Joker – Folie à deux
Joker - Folie à deux
Fiche technique
Mon avis
Difficile d’embrayer après avoir atteint des sommets dans le premier volet des aventures du Joker. Mais la nouvelle donne, dans ses fondements, est intéressante, toujours aussi noire, plus intimiste, moins spectaculaire. Avec deux originalités majeures : l’irruption de l’amour dans la vie désespérante d’Arthur Fleck et les embardées imaginaires en mode chanté-dansé. Il y a de l’audace dans cette configuration qui prend partiellement le contre-pied du « premier Joker ». Et du talent à tous les niveaux : scénario bien filé avec le récit qui précède, belles idées de mise en scène, interprétation toujours aussi hallucinante de Joaquin Phoenix qui forme avec Lady Gaga un duo magnétique.
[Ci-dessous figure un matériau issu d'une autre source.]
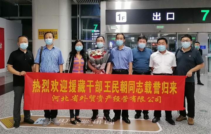 2022年7月12日凌晨,省外貿(mào)資產(chǎn)公司援藏干部王民朝同志完成使命,結(jié)束為期三年的援藏生涯,從西藏回到石家莊。受黨委書記、董事長張?jiān)懲?/span>委托,黨委副書記齊山水,工會(huì)主席張艷芳,綜合辦公室、黨委組織部、河北藍(lán)翼公司主要負(fù)責(zé)人代表公司黨委到機(jī)場迎接,對(duì)王民朝同志圓滿完成援藏任務(wù),載譽(yù)而歸表示熱烈歡迎。
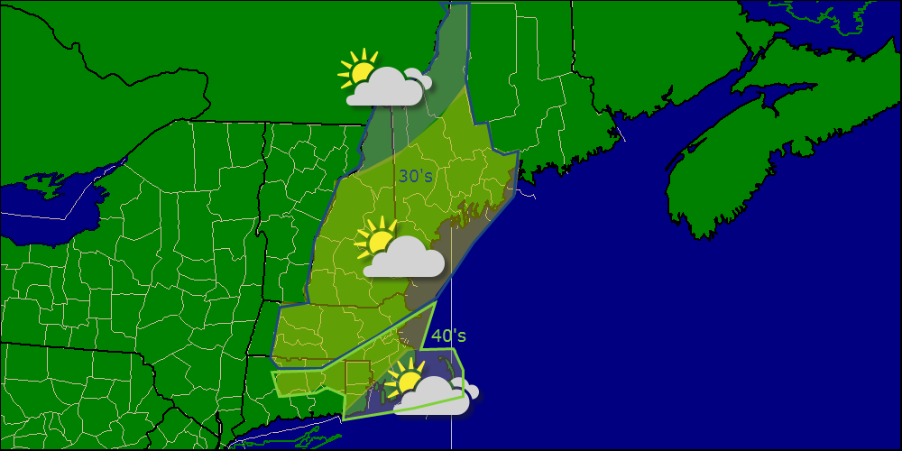 Today will feature mainly clear skies with noticeably cooler temps as the cold front that brought yesterday’s drizzle and fog moves well offshore. Behind the front today, we will see partly cloudy skies along with cooler temps, highs will not get above 40 in some of the high terrain as well as northern areas. Some more clouds move in this afternoon ahead of our next system.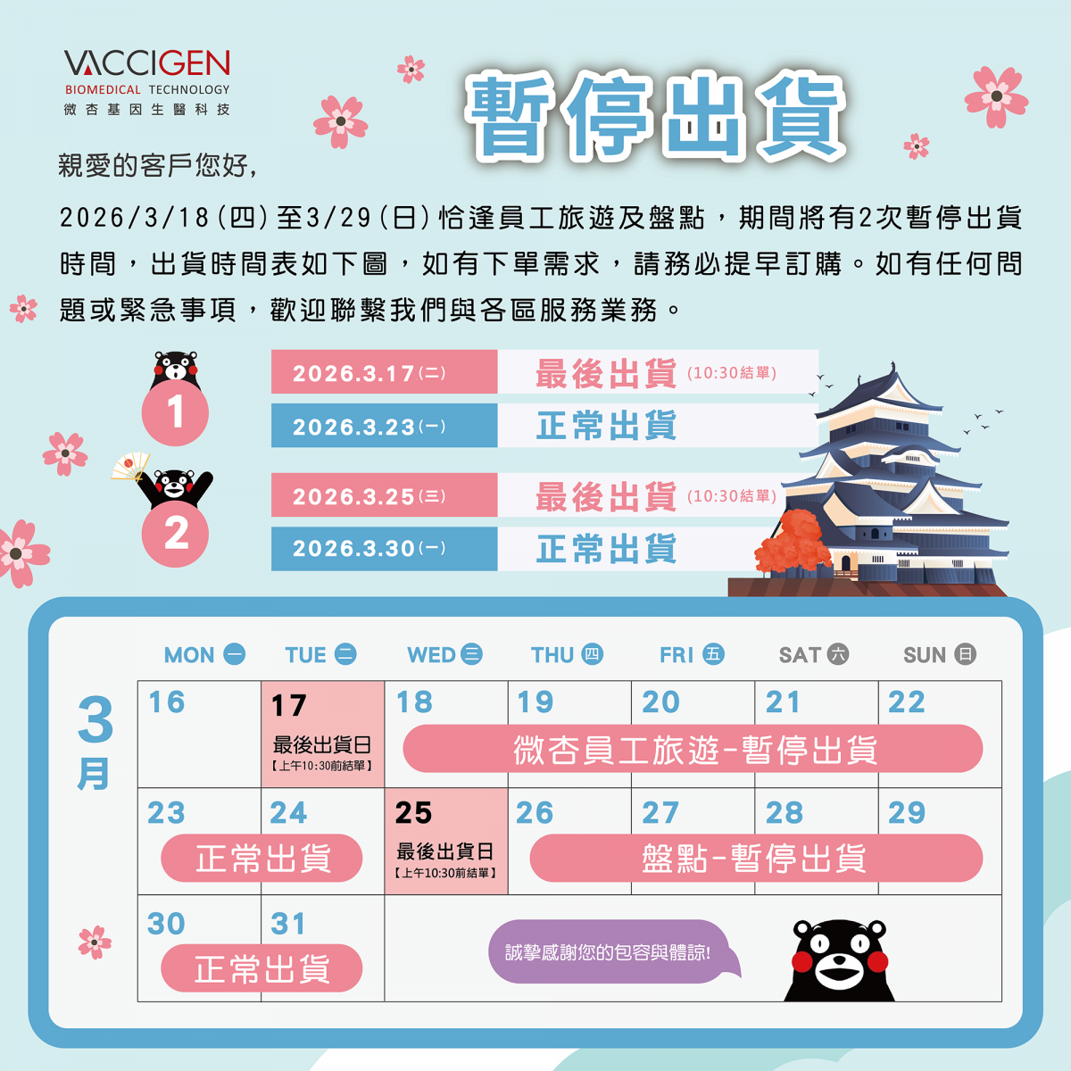 2026/3/18(四)至3/29(日)恰逢員工旅遊及盤點,

Au niveau des idées, si le questionnement autour de la raison et de la folie est classique, la réflexion sur l’homme et le mythe est plus singulière, avec l’évocation de ce que représente une icône sociale, le processus d’identification des foules et le besoin d’idolâtrer. À ce titre, le chemin pris par le scénario est d’un désespoir total, avec l’attestation que la vraie personnalité d’Arthur Fleck n’intéresse personne, à l’inverse du personnage qu’il s’est créé, et que l’on ne peut impunément casser un mythe. Arthur Fleck en fait les frais ; le film aussi, d’une certaine manière : le sabotage du mythe va décevoir les fans du Joker, ce qui équivaut par ailleurs à un auto-sabotage commercial…
Au-delà de ces considérations, si les deux premiers tiers du récit électrisent en distillant le même malaise que dans le premier volet, si le drame monte en puissance de manière très prometteuse, le dernier tiers est moins convaincant avec quelques idées peu abouties (la manipulation populiste), des rebondissements mal amenés et justifiés (la fin du procès, la dernière séquence dans le couloir de la prison), un trop-plein de chansons et une volonté un peu trop évidente d’ouvrir sur une suite possible (la descendance du héros malheureux). C’est dommage, car la radicalité déchirante de l’histoire a quelque chose d’unique.
À noter que le titre en VO est étonnamment en français (Folie à deux) et que le film est (étonnamment aussi) précédé d’un court-métrage d’animation sur le Joker, réalisé à la manière des Looney Tunes par… Sylvain Chaumet (Les Triplettes de Belleville, L’Illusionniste).